# Looking to borrow/test Finnex Planted+ 24/7 36"



## Reckon (Jul 25, 2012)

A bit of a long shot I know. Since I'm switching over to plants that require lower lighting I'm hoping someone happens to have a spare: 
36" Finnex Planted + 24/7 fixture I can borrow to test for PAR and color on my 50 gal tank. 

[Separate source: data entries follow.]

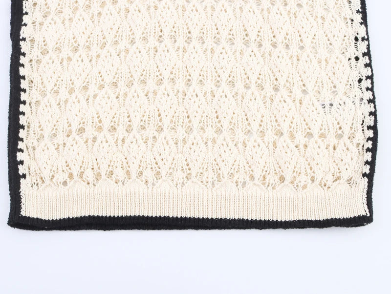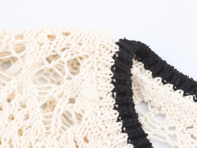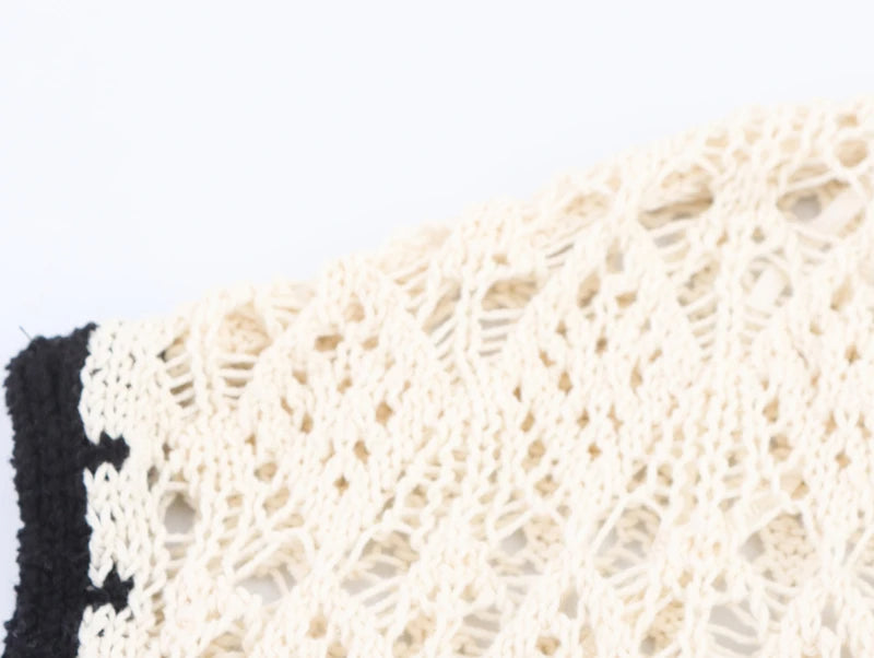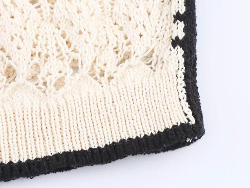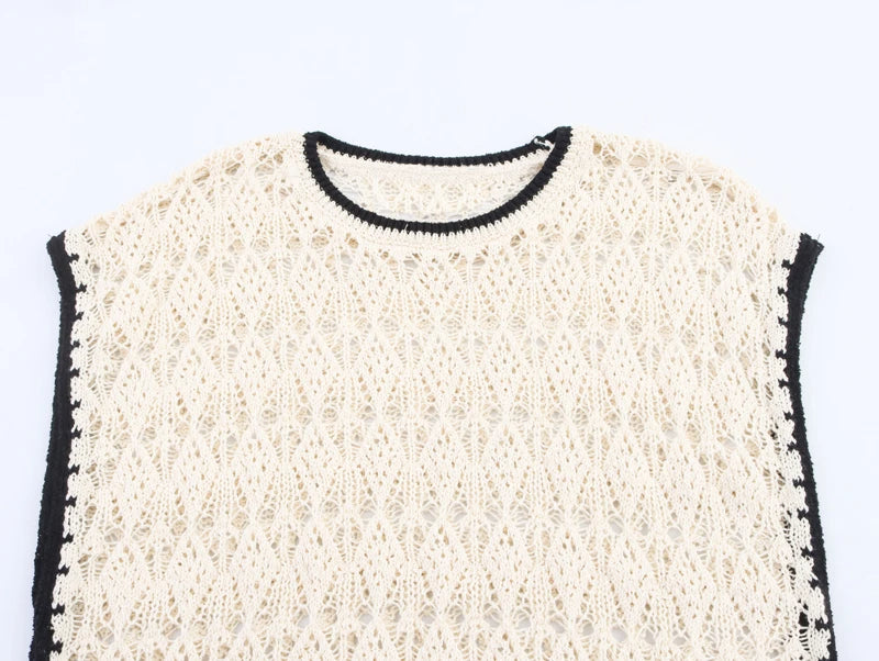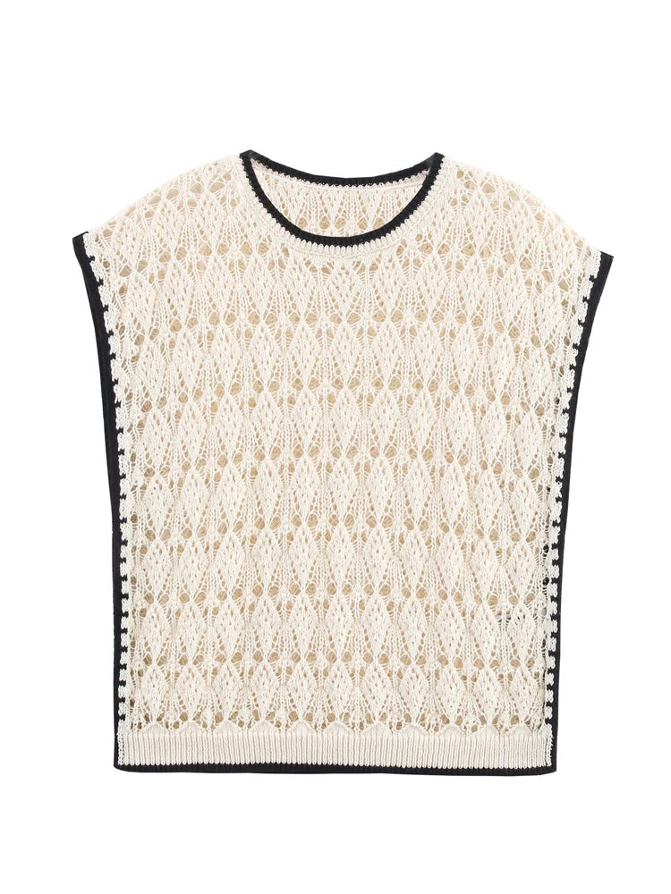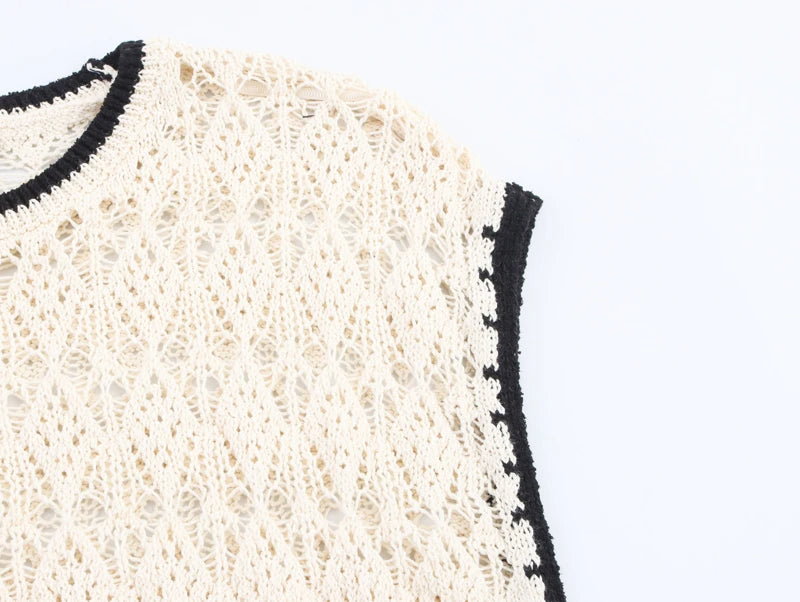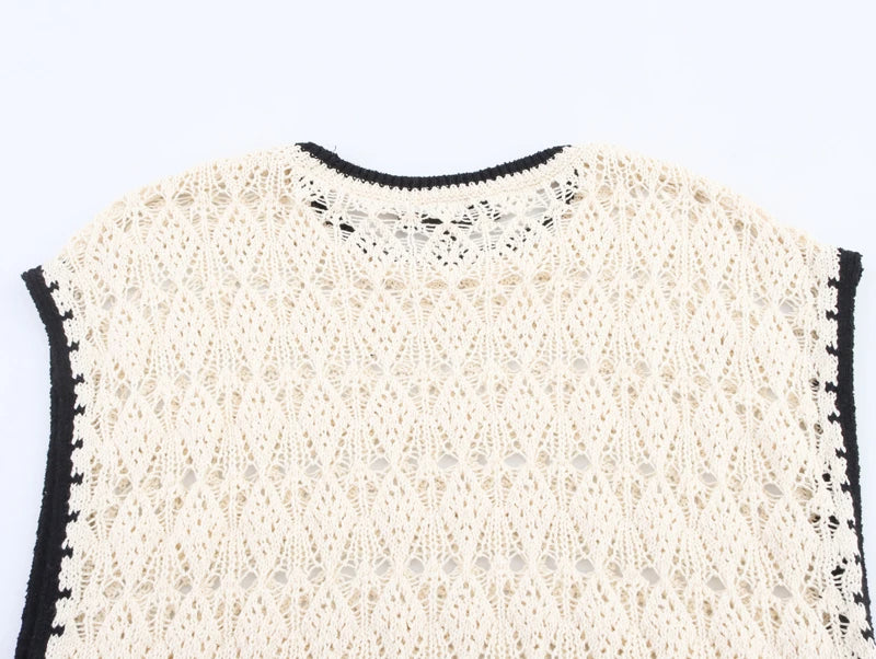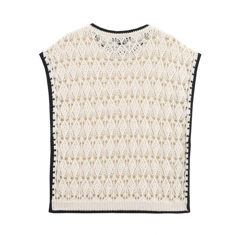 This sleeveless jacquard knit vest is the perfect fusion of simplicity and statement style. The classic O-neckline frames the face beautifully, while the color-block design brings a pop of visual interest. Delicate hollow-out detailing adds an airy, feminine touch, making it an ideal choice for sunny summer days.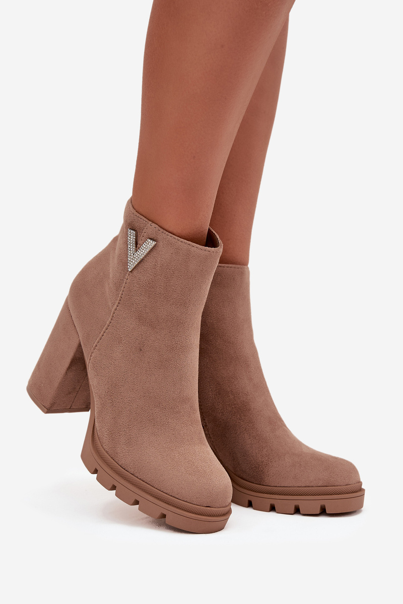 Damskie Botki Obcas Słupek Ozdobny Detal Beżowe Briella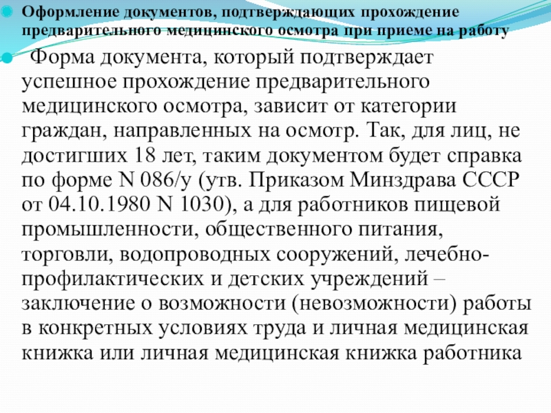 Форма документа, который подтверждает успешное прохождение предварительного медицинского осмотра, зависит от категории граждан, направленных на осмотр. Так, для лиц, не достигших 18 лет, таким документом будет справка по форме N 086/у (утв. Приказом Минздрава СССР от 04.10.1980 N 1030), а для работников пищевой промышленности, общественного питания, торговли, водопроводных сооружений, лечебно-профилактических и детских учреждений – заключение о возможности (невозможности) работы в конкретных условиях труда и личная медицинская книжка или личная медицинская книжка работника
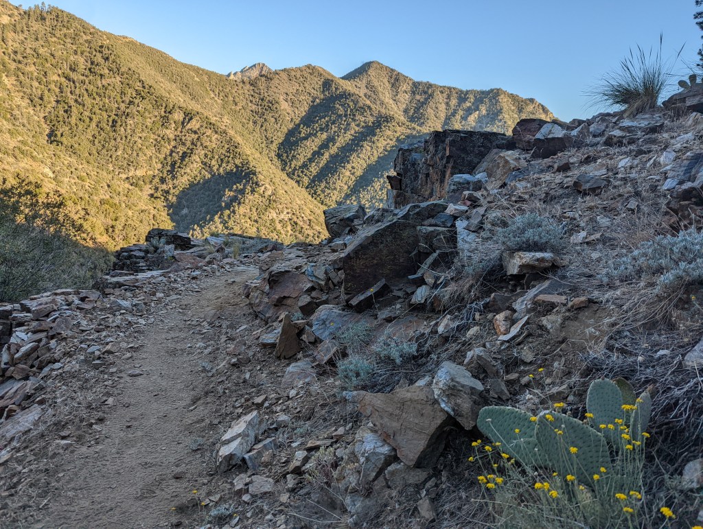 I hiked pretty quickly all the way downhill to the spring in the heat of the day. I passed lots of Joshua Trees and I wondered if they would be the last ones I would see on this trail. I left the break spot before everyone else and flew to the next water source. I was still feeling amazing. The source was a trickling spring. I used my empty talenti ice cream container to collect water to put into my pouch to filter it. In about a month I would guess this source to be dry. Here I ate my dinner and got ready for a final push to camp.

Or at least let me know if you've measured PAR at 16" depth. 

Let me know. Thanks!


----------



## wslam (Dec 14, 2015)

Here you go, I found this info when I was doing research on lighting.

This is for 36"









Another info thread here: My Finnex Planted+ PAR values - The Planted Tank Forum


----------



## Reckon (Jul 25, 2012)

Thanks!

Any idea if there is difference between the standard + and the + 24/7?


----------



## wslam (Dec 14, 2015)

The colors are different, planted+ uses 660nm red LEDs so it is difficult to measure with a regular PAR meter. I think for the 24/7 they use regular LEDS, including red, blue, green. In terms of strength, I'm not too sure if it's a big difference.


----------



## DunderBear (Nov 9, 2015)

I run the Finnex 24/7 on my 37 Tall which is like 18" I believe and it is great IMO on a 16" it should be perfectly fine also my Finnex is 30"


----------